FIGURE 4.

Stabilization of RNA–RNA interactions favors LLPS of the Guanine riboswitch. (A) Predicted secondary structure of the Guanine riboswitch monomer. Regions containing unpaired nucleotides that become part of base-paired structures post-multimerization are indicated as SL1 and SL2 and encompassed with ovals.
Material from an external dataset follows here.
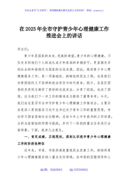 / 在2025年全市守护青少年心理健康工作推进会上的讲话

Colored arrows refer to positions of mutants below. (B) NUPACK model for multimerization of the Guanine riboswitch (n = 4 here). Self-complementary SL1 and SL2 form extended dimer helices (DM) in trans. The SL1 region was stabilized by the A24C:U25C double mutant designed to stabilize DM (SL1/SL1) region (shown in dotted region). Each copy of the transcript is a separate color and labels are color-matched. (C) The SL2 region was stabilized by the M1 and M2 changes (SL2/SL2). See panel A for color-matching arrows. (D). Microscopy images comparing formation of condensates by the WT (10% labeled RNA) and A24C:U25C double mutant guanine (15% labeled RNA) riboswitch. Samples contained 2.5 µM RNA in 10 mM HEPES and 15 mM NaCl (pH 7.0) with indicated concentrations of Mg²⁺. Lines directly compare the 50 mM Mg²⁺ concentrations for WT and DM, as well as the 100 mM Mg²⁺ concentrations.